Because nifedipine is metabolized by the CYP3A4 isoenzyme, any inhibitor or inducer of this enzyme may affect the metabolism of nifedipine. Cyclosporine is also a substrate for the CYP3A4 isoenzyme, so when combined with cyclosporine and nifedipine, each may increase the duration of the other.

Overdose

Symptoms: headache, arterial hypotension, and (as well as under the influence of other vasodilators) myocardial energy supply disorder (angina pectoris).

Treatment: Immediately after the overdose as a first aid, you can wash your stomach and give activated charcoal. If necessary, you can do the washing of the small intestine, which is especially advisable in the case of overdose of controlled release drugs.

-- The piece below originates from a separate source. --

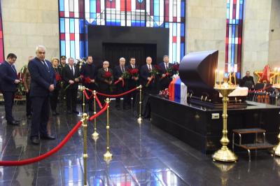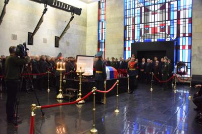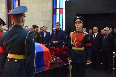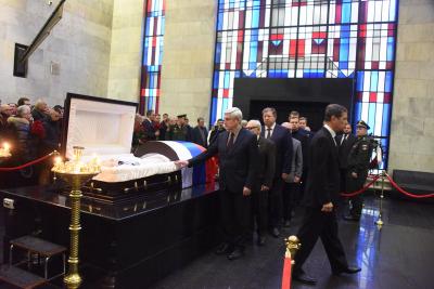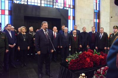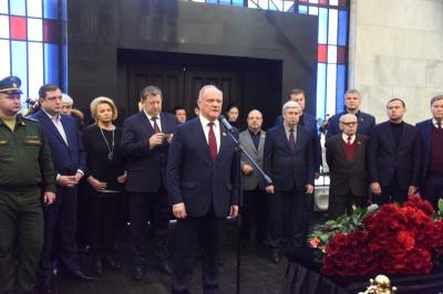 Церемонию проощания вел заместитель Председателя ЦК КПРФ В.И. Кашин. В ней приняла участие делегация представителей Компартии во главе с Председателем ЦК КПРФ Г.А. Зюгановым.

Because nifedipine is highly bound to plasma proteins, dialysis is not effective, and plasmapheresis may be effective.

Symptoms of cardiac arrhythmias with bradycardia can be eliminated by administration of beta sympathomimetics. For life-threatening bradycardia, an artificial rhythm driver should be used.

Norepinephrine (norepinephrine) infusion at standard doses is indicated for severe arterial hypotension. In the development of symptoms of heart failure, it is recommended to / in the introduction of fast-acting glycosides of digitalis.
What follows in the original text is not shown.